Abstract:
AL amyloidosis is the most common form of systemic amyloidosis. However, the non-specific nature of presenting symptoms requires the need for a heightened clinical suspicion to detect unexplained manifestations in the appropriate clinical setting. Early detection and treatment are crucial as the degree of cardiac involvement emerges as a primary prognostic predictor of survival in a patient with AL amyloidosis. Following the diagnosis of AL amyloidosis with appropriate tissue biopsies, prompt treatment with a bortezomib, cyclophosphamide and dexamethasone-based first-line induction with or without daratumumab should be initiated. The goal of treatment is to achieve the best haematologic response possible, ideally with involved free light chain <20 mg/L, as it offers the best chance of organ function improvement. Treatment should be changed if patients do not achieve a partial response within 2 cycles of treatment or very good partial response after 4 cycles or after autologous stem cell transplant, as achievement of profound and prolonged clonal responses translates to better organ response and long-term outcomes.
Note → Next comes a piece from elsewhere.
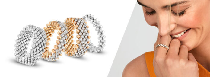 Wempe presenta la sortija Multisize de Serafino Consoli, una joya que no deja indiferente ya que permite cambiar y adaptar el tamaño de la sortija de forma sorprendentemente sencilla e intuitiva. Una estructura de rejilla extensible, que está compuesta por cientos de piezas y miles de puntos de soldadura por láser, permite ajustar la joya en un movimiento fluido y suave. En un abrir y cerrar de ojos, se puede extender la sortija al tamaño deseado y llevarla en cualquiera de los dedos de la mano. No es magia, pero sí es un momento mágico cuando una sortija cambia de manera tan sencilla su talla. Con los anillos Multisize esta idea se ha hecho realidad.

Early involvement of multidisciplinary subspecialists such as renal physicians, cardiologists, neurologists, and gastroenterologists for optimal maintenance and support of involved organs is recommended for optimal management of patients with AL amyloidosis.
摘要:
AL淀粉样变性是最常见的全身性淀粉样变性形式。然而,出现症状的非特异性性质要求需要加强临床怀疑,以在适当的临床环境中检测无法解释的表现.早期检测和治疗至关重要,因为心脏受累程度是AL淀粉样变性患者生存的主要预后预测指标。在用适当的组织活检诊断AL淀粉样变性后,用硼替佐米迅速治疗,在有或没有达雷妥单抗的情况下,应开始基于环磷酰胺和地塞米松的一线诱导.治疗的目标是实现可能的最佳血液学反应,理想情况下涉及游离轻链<20mg/L,因为它提供了器官功能改善的最佳机会。如果患者在2个治疗周期内没有达到部分反应,或者在4个周期或自体干细胞移植后没有达到非常好的部分反应,则应改变治疗方法。作为实现深刻和长期的克隆反应转化为更好的器官反应和长期结果。早期多学科专家如肾内科医师的参与,心脏病学家,神经学家,建议胃肠病学家对受累器官进行最佳维护和支持,以对AL淀粉样变性患者进行最佳管理。